Barbara Boughton

September 18, 2009

September 18, 2009 (San Francisco, California) — A phase 3 randomized double-blind trial of oral oseltamivir and peramivir has confirmed the efficacy and safety of the experimental intravenous (IV) drug peramivir for the treatment of seasonal influenza.

Unlike oseltamivir, peramivir is usually administered in a 1-time dose, and might be especially ideal for patients with severe influenza, according to researchers here at the 49th Interscience Conference on Antimicrobial Agents and Chemotherapy.

"We were successful in confirming the efficacy and safety of peramivir seen in the phase 2 study," said lead researcher Shigeru Kohno, MD, from Nagasaki University in Japan, in an interview with Medscape Infectious Diseases. "Peramivir is truly a potent drug for influenza treatment."

In the study of 1091 patients, subjects with a positive influenza rapid-antigen test were randomized to peramivir, either 300 mg or 600 mg, administered once intravenously or to oral oseltamivir 75 mg administered twice daily for 5 days.
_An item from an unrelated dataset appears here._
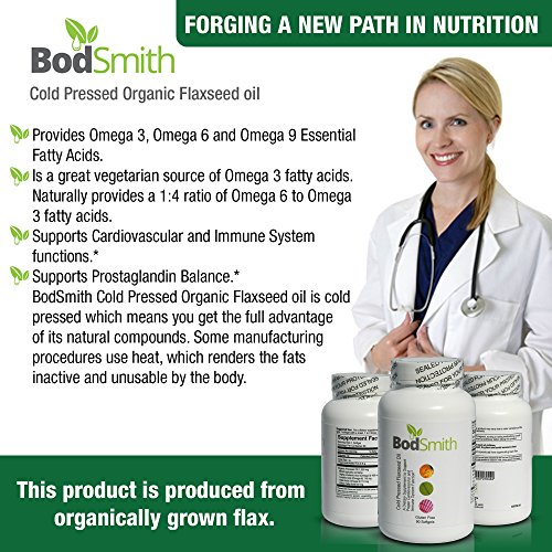 -. Binding : Health and Beauty -. Brand : BodSmith -. EAN : 8507520070442 -. Feature : • BodSmith Flax Seed Oil is cold pressed which means you get the full advantage of its natural compounds. Some manufacturing procedures use heat, which renders the fats inactive and unusable by the body / BodSmith Flax Seed Oil is produced from organically grown flax / Provides Omega 3, Omega 6 and Omega 9 Essential Fatty Acids. Is a great vegetarian source of Omega 3 fatty acids / Naturally provides a 1:4 ratio of Omega 6 to Omega 3 fatty acids. • Supports Cardiovascular and Immune System functions.* • Supports Prostaglandin Balance.* -. IsAdultProduct : 0 -. Label : BodSmith -. Manufacturer : BodSmith -. MPN : 29791600 -. PackageQuantity : 1 -. PartNumber : 29791600 -. ProductGroup : Health and Beauty -. ProductTypeName : HEALTH_PERSONAL_CARE -. Publisher : BodSmith -. Studio : BodSmith -. Title : BodSmith Organic Flaxseed Oil Cold Pressed Non-GMO 90 Liquid Softgels

Recovery in all 3 groups was similar. Time to alleviation of symptoms was 78 hours for the 300 mg dose of peramivir, 81 hours for the 600 mg dose, and 81.8 hours for oseltamivir. The incidence of adverse drug reactions was significantly lower with peramivir 300 mg than with oral oseltamivir (P = .0382).

The study was designed to show noninferiority to oseltamivir and, in that sense, it succeeded, Dr. Kohno said.

"Results from the phase 3 study demonstrate that peramivir has potential for immediate relief from influenza, with a better safety profile than oseltamivir," Dr. Kohno said. He noted that an unpublished study on high-risk influenza patients has shown peramivir's potential for alleviating symptoms. In this study, patients received peramivir once daily for up to 5 days, and results indicated that multiple doses of the drug led to even greater resolution of symptoms than the single dose in patients with severe disease, Dr. Kohno said, adding that "it would be a great option for patients who may experience aggravation of symptoms during influenza infection."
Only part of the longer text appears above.